Indian Catholic bishop

Bishop Savarimuthu Arokiaraj is the Bishop of the Roman Catholic Diocese of Tiruchirapalli. His canonical appointment as Bishop of Trichy was announced on 29 June 2021 and was consecrated as a bishop on 15 August 2021.

==Early life==
Bishop Savarimuthu Arokiaraj was born on 24 October 1954 in Lalapettai. He studied Philosophy and Theology at St. Peter Pontifical Seminary, Bangalore (1973–1980). He was ordained priest on 8 January 1981, for the Diocese of Tiruchirappalli. He obtained a Doctorate in Liturgy from L'Institut Catholique de Paris, France (2002).

==Priesthood==
He served in the following ministries prior to his appointment as Bishop of Trichy:
- 1981: Asst. Parish Priest, St. Joseph's Church, Dindigul;
- 1981–1986: Parish Priest at Ayyampatty;
- 1986–1987: Parish Priest at P. Udayapatty;
- 1988–1991: Secretary of the Diocesan Liturgy Commission;
- 1991–1994: Regional Secretary for the Liturgy Commission of Tamil Nadu Bishops' Council;
- 1994–2002: Higher Studies in France;
- 2002–2008: Secretary of the Liturgy Commission of Tamil Nadu Bishops' Council;
- 2009–2012: Diocesan Chancellor and Parish Priest at Subramaniapuram;
- 2012–2015: Diocesan Chancellor and Professor of Liturgy at St. Paul's Seminary, Tiruchirappalli;
- 2015–2016: Parish Priest of the Cathedral, Tiruchirappalli;
- 2016–2019: Rector of St. Paul's Seminary, Tiruchirappalli;
- 2019–2021: Rector and Parish Priest of Holy Redeemer's Basilica, Tiruchirappalli.

==Episcopal ministry==
The diocese of Tiruchirapalli became vacant by the retirement of late Bishop Antony Devotta on 14 July 2018. Simultaneously, Pope Francis appointed Bishop Devadass Ambrose Mariadoss of Tanjore as Apostolic Administrator on the same day. The diocese was thus vacant for almost 3 years.

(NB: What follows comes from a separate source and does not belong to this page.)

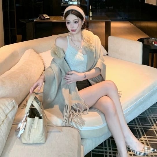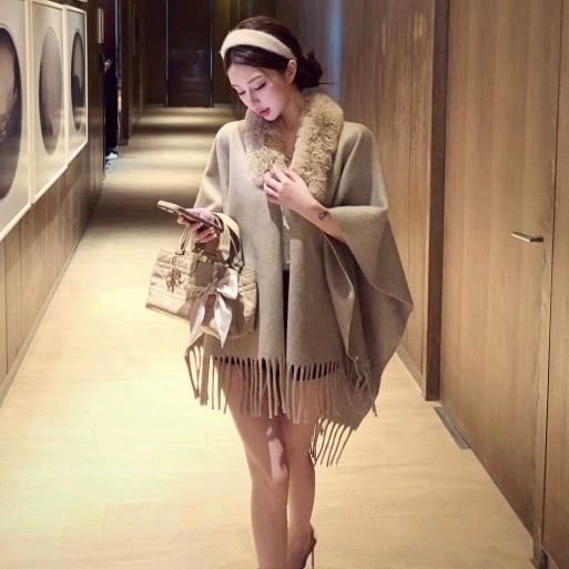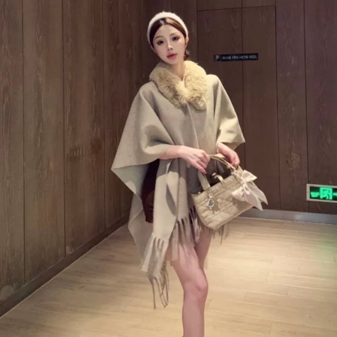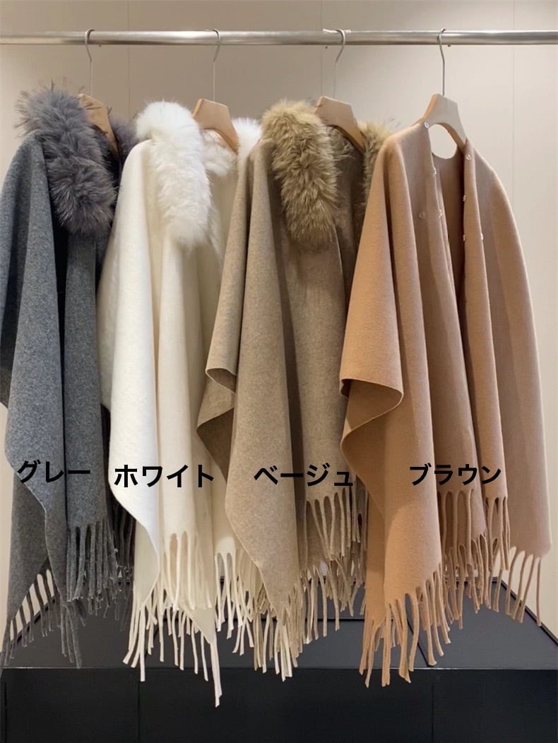 【雑貨】2wayファー付きポンチョ4色 HN0003

On 29 June 2021, Pope Francis appointed Fr. Savarimuthu Arokiaraj as the new bishop of Tiruchirappalli. He received his episcopal consecration on 15 August 2021 at St. Mary's Cathedral and took possession of the Diocese of Tiruchirapalli on the same day. He was consecrated by Archbishop Antony Pappusamy of Madurai who was the Principal Consecrator and Bishop Devadass Ambrose of Tanjore and Bishop Amalraj Arulappan served as Principal Co-Consecrators. His episcopal motto is "Put out into the deep sea" (Luke 5:4)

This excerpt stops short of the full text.